Ryogoku Terrace Cafe
This café and restaurant offers terrace dining and a seasonal menu featuring bistro cuisine with Japanese tastes and homemade desserts. In winter, they turn the terrace into a warm and cosy kotatsu dining experience, offering special menus such as nabe hotpot.
Find the best local eats
Ryogoku Edo Noren
Built in 1929, the historic former Ryogoku Station building has been fully restored, with the old façade kept intact, and now hosts this decidedly nostalgic shopping and restaurant complex opened in November 2016. Based on the underlying concept of 'enjoying Edo-style cuisine', twelve different stalls offer Edo-inspired food, drink and local products. There are also Edo-related events from time to time, so keep your eyes peeled.

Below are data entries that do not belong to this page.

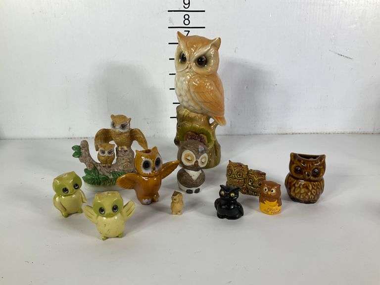 Owl figurines crafted from ceramic and porcelain, including detailed designs and painted finishes. Several pieces bear marks indicating manufacture in Japan and Taiwan, with one labeled “Napco.” Varied sizes and styles within the collection.
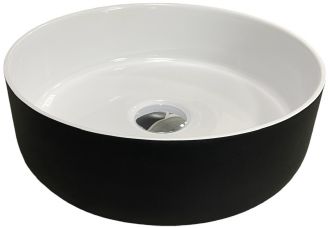 Раковина Adamant ARENA має круглу форму, виготовлена зі штучного каменю з розмірами 360 x 113 мм та чорно-білим кольором. Накладний тип встановлення без отвору для змішувача та переливу дозволяє монтаж зверху на стільницю. Матеріал створений за технологією Solid Surface, стійкий до впливу та довговічний.
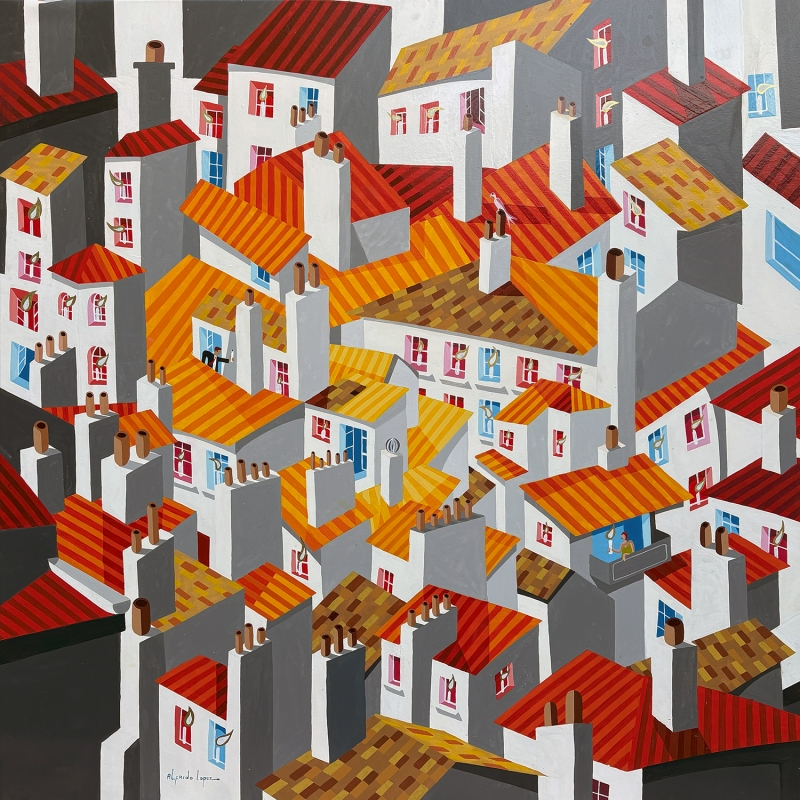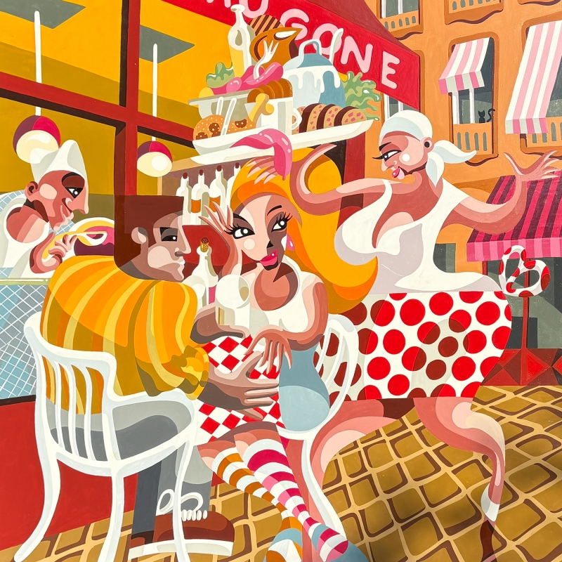 La preuve d'amour04/05/2025 Laque sur toile, 80 x 80 cm. Disponible à l'atelier 1900 €. Quelqu'un a vu passer un chat ?
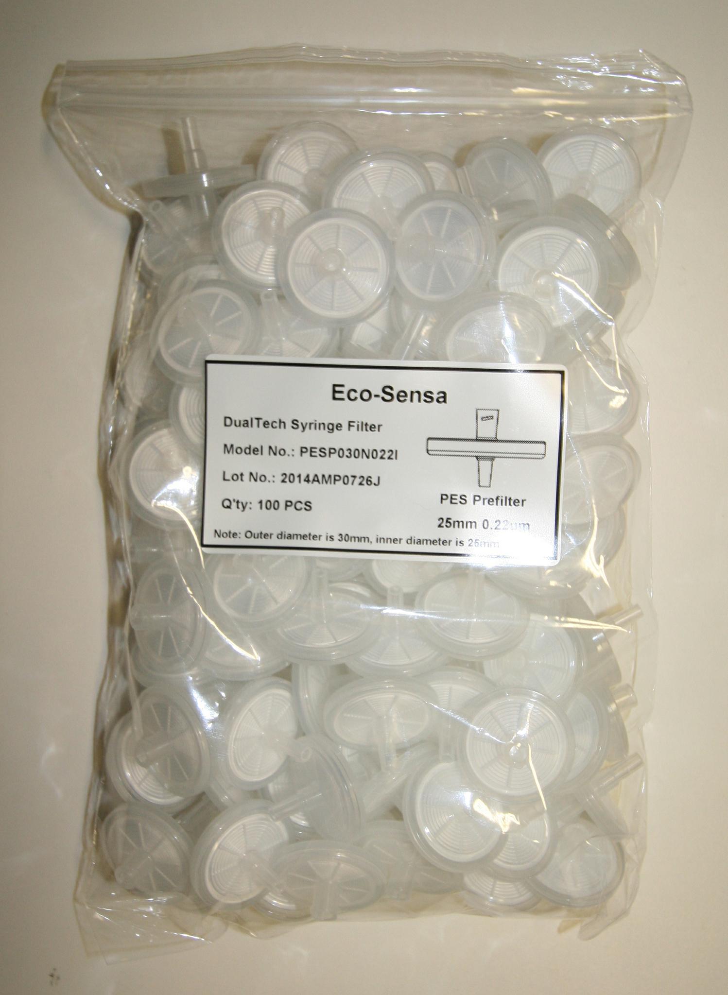 Eco-Sensa® PES Syringe Filter use unique PES membrane as filter media. PES(Polyethersulfone) – low affinity for proteins and extractable with substantially faster flow rates than PVDF; suitable for pre-filtration and filtration of buffers and culture media.
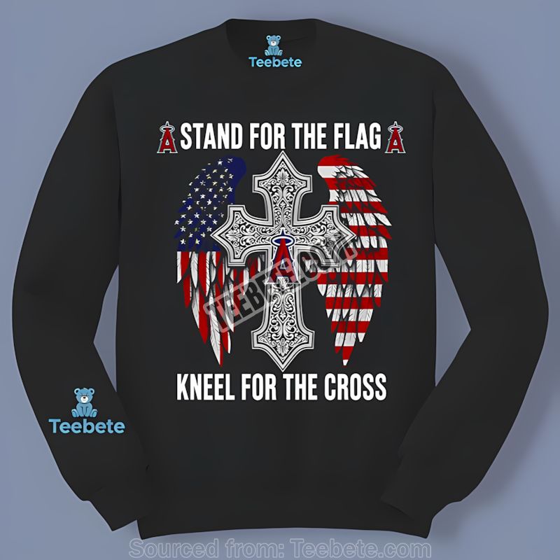 Don’t miss out on this opportunity to own a piece of meaningful apparel that combines your love for baseball, your faith, and your patriotism. Order your Los Angeles Angels Stand For Flag Kneel For Cross Shirt Color Patriotic from Teebete today!

For the best soba in Ryogoku, stroll past the Edo-Tokyo Museum from Ryogoku Station, cross Kiyosumi-dori and look for this wonderfully traditional shop in an alley on your right. The Michelin-starred Hosokawa serves up superb fare at very reasonable prices: the standard Seiro, with its aromatic and firm noodles, goes for only ¥1,050, while the fluffy sobagaki porridge, eaten with thick nori seaweed, can be had for ¥1,350.
There is no official definition of the dish known as chanko nabe, but it refers to the protein-rich stew eaten by sumo wrestlers. It makes sense, then, that you’ll find a cluster of chanko nabe restaurants near the Ryogoku Kokugikan sumo stadium. One of these is the hugely popular Tomoegata, which was built by a master of the Tomozuna sumo stable and is actually on the stable premises.
Order their signature dish, Kunimiyama Chanko, which is prepared in a lightly salted chicken broth and includes fresh sardines that are brought in daily from Tsukiji and minced for the hot pot. In addition, they also serve chanko with beef, chicken, salmon and scallops – all with serving sizes to satisfy the heartiest eaters.
Gyoza Kaikan Bandaisan
Satisfying locals' dumpling cravings for well over half a century now, this Ryogoku classic deals in thick, simple and delicious – you guessed it – gyoza. Big eaters may want to take part in the shop's 'gyoza challenge': any man who eats 100 of their signature pan-fried treats within an hour can walk out of the shop without paying a yen, while women need to finish 50 gyoza in 30 minutes to receive the same treatment. But beware: failure to complete the mission will result in a fine of ¥8,000. Less adventurous gourmands can take their time to savour the Bandai Ramen, a veg-filled mixture swimming in a soup made with both shoyu and miso.
Look for the boar statue on the wall above the entrance and you'll know you're in the right place. Specialising in boar meat, this restaurant serves up a delicious shishi nabe (boar hotpot), but do try out the venison sashimi and bear soup too.